Table 1 Common modifications applied to the basic De Bruyne graph data structure and examples of applications that use them

ad8ce5a6a21abb032f588643e88baca0.png

Identification of Microbial Species from Metagenomes

One of the common goals of microbiome research is to determine which bacteria are present and which genes they have . This information can be obtained using metagenomics, but this requires the ability to distinguish which reads and contigs are from different species in order to better understand the organism's potential role.

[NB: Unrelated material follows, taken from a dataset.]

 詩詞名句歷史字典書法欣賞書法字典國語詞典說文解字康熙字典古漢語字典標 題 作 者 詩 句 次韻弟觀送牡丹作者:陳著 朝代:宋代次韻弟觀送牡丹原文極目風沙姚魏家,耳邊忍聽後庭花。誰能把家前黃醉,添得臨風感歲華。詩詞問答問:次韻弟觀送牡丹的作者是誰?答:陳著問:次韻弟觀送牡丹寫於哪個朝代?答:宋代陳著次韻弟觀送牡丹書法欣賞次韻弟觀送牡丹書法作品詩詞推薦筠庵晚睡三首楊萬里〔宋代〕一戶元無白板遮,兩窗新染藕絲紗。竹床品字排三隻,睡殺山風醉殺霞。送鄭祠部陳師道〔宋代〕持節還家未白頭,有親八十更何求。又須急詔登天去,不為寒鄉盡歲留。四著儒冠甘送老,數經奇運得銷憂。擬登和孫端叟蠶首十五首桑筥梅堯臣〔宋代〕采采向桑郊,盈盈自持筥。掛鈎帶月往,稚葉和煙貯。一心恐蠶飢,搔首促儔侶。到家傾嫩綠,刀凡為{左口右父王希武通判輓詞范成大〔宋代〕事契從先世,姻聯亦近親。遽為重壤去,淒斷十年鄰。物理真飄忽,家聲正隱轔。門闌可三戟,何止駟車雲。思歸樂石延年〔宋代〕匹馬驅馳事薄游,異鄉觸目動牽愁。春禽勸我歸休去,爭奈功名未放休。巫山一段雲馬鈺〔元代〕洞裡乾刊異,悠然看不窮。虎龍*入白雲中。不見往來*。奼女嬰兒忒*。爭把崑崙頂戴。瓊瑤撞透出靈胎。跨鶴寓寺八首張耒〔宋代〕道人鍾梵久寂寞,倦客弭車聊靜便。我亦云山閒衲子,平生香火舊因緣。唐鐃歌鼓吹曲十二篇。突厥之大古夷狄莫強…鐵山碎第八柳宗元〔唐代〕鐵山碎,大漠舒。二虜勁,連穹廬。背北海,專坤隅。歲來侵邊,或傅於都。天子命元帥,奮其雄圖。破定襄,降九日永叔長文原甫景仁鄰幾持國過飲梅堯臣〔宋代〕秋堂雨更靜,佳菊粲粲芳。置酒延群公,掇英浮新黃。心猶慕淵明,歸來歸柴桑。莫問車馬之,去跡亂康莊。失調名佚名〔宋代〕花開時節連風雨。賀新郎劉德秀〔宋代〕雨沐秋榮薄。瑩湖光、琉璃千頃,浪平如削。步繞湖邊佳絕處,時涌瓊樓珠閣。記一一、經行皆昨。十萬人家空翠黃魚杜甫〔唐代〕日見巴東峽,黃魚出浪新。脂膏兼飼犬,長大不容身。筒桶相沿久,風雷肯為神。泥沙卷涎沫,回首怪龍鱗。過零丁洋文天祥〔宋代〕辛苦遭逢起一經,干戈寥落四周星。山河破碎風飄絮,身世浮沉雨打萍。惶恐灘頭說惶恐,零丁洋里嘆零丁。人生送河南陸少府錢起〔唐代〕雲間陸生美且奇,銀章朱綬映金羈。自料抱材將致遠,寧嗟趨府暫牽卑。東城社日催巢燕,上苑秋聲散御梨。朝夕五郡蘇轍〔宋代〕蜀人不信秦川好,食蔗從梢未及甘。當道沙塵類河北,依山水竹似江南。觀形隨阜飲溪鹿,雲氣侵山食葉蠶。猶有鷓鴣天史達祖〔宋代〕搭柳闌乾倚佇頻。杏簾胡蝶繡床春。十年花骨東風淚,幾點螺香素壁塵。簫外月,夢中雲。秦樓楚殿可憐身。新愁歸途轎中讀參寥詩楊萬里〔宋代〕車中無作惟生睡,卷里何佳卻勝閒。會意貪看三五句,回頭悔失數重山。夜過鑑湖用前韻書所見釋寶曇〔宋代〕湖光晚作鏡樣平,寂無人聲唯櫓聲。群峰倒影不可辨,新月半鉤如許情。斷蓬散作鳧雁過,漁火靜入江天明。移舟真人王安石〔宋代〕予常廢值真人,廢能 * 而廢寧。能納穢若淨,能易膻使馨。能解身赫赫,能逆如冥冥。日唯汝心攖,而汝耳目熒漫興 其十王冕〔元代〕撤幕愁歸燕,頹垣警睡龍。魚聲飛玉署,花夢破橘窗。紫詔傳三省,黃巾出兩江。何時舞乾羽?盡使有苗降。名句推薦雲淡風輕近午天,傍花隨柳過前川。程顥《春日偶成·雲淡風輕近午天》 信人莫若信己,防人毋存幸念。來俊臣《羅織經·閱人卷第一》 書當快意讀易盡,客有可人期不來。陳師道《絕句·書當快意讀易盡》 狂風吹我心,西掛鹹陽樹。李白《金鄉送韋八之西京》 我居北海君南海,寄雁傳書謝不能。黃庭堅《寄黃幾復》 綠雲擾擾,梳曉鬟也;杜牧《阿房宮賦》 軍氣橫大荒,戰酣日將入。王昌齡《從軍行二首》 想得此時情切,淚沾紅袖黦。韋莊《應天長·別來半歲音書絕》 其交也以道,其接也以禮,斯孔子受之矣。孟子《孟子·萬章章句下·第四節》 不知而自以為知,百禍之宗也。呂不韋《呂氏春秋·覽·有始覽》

Wang et al. demonstrated the utility of De Bruyne plots in identifying different microbial strains in metagenomes , where they mapped reads onto metagenomic-assembled De Bruyne plots to differentiate reads from different bacterial strains, without using the reference genome . Much recent work has focused on obtaining nearly complete microbial genomes from metagenomic reads. These metagenomic-assembled genomes (MAGs) are generated from binned-assembled contigs based on nucleotide frequency and read coverage on the basis that these factors will vary between species in the original community Suppose. Recently researchers have attempted to introduce de Bruyne maps to aid in the assembly and refinement of MAGs when improving metagenomic binning techniques. These methods, including GraphBin and METAMVGL, integrate structural features of DBGs, such as connections between k-mers and disconnected parts of the graph, to refine the contigs contained in each MAG. These methods highlight the utility of DBG in downstream analysis . In downstream analysis, the information already present in the DBG can be used to improve subsequent analysis and can greatly improve the assembly of higher quality MAGs .

Comparison and differential assembly of omics samples

As metagenomic sequencing becomes cheaper, it is becoming a more common method, and research often involves sequencing multiple metagenomic groups. This requires effective methods to identify similarities and differences between metagenomes from different samples. Still, the scale and complexity of this data makes it a daunting challenge. Recent studies have proposed DBG-based methods for these comparisons. EMDeBruijn utilizes De Bruijn plots generated from multiple microbiome data and applies statistical methods to compare distances between different samples. This method has been used to look at viral populations and help characterize hepatitis C transmission, demonstrating its utility in different types of biological analyses. Likewise, MetaFast quantifies similarity using a simplified DBG constructed from multiple metagenomes, providing a way to compare diversity across environments or samples. The recently proposed MetaGraph approach shows great promise, allowing indexing and querying of entire sequencing databases or multiple metagenomes in an efficient DBG-based format. A broad application of this approach is what the authors call "differential assembly." In this approach, MetaGraph DBG can be used to identify k-mers found in some metagenomes, but not in others. These metagenomes can then be assembled and analyzed to observe differences in microbial communities between samples ( Figure 1C ). These methods for comparing metagenomes do not require additional read-length mapping between samples or the use of reference datasets, and thus have broad applications and enable more efficient and accurate comparisons between omics samples .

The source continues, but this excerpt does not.